======== EXERCISE DATA

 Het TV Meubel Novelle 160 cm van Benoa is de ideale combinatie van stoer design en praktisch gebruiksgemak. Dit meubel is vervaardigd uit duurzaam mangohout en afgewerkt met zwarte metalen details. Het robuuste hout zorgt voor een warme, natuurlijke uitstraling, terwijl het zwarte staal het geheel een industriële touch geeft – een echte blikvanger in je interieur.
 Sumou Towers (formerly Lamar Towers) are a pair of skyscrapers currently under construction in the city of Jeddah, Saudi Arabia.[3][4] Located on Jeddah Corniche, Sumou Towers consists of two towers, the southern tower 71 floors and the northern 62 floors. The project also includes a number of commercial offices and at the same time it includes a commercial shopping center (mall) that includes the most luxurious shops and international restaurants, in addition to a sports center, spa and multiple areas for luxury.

================
======== EXERCISE DATA

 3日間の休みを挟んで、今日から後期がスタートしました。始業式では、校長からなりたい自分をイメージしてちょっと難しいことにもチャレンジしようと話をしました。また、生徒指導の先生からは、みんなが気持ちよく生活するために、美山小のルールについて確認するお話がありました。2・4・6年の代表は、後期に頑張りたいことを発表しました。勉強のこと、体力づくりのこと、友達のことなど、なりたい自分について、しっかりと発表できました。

================
======== EXERCISE DATA

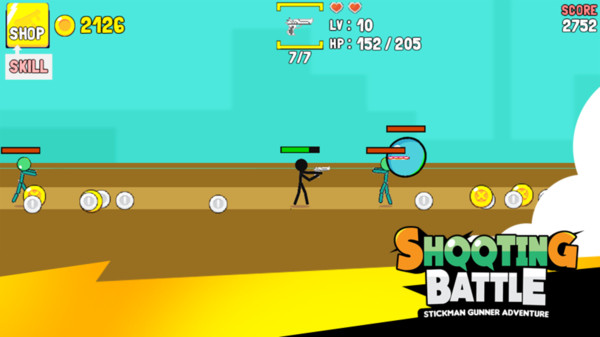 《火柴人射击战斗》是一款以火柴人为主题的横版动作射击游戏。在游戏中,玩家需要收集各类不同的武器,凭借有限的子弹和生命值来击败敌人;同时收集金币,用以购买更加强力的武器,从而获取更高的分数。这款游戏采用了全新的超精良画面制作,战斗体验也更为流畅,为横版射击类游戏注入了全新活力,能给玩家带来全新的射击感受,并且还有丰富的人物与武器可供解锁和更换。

================

> YOUR OBJECTIVE:
From the entries above, print the lines beginning at the one with "Het TV Meubel" and stopping after the one with "Sumou Towers (formerly", exactly as written and with nothing else.

> ANSWER TO THE EXERCISE:
 Het TV Meubel Novelle 160 cm van Benoa is de ideale combinatie van stoer design en praktisch gebruiksgemak. Dit meubel is vervaardigd uit duurzaam mangohout en afgewerkt met zwarte metalen details. Het robuuste hout zorgt voor een warme, natuurlijke uitstraling, terwijl het zwarte staal het geheel een industriële touch geeft – een echte blikvanger in je interieur.
 Sumou Towers (formerly Lamar Towers) are a pair of skyscrapers currently under construction in the city of Jeddah, Saudi Arabia.[3][4] Located on Jeddah Corniche, Sumou Towers consists of two towers, the southern tower 71 floors and the northern 62 floors. The project also includes a number of commercial offices and at the same time it includes a commercial shopping center (mall) that includes the most luxurious shops and international restaurants, in addition to a sports center, spa and multiple areas for luxury.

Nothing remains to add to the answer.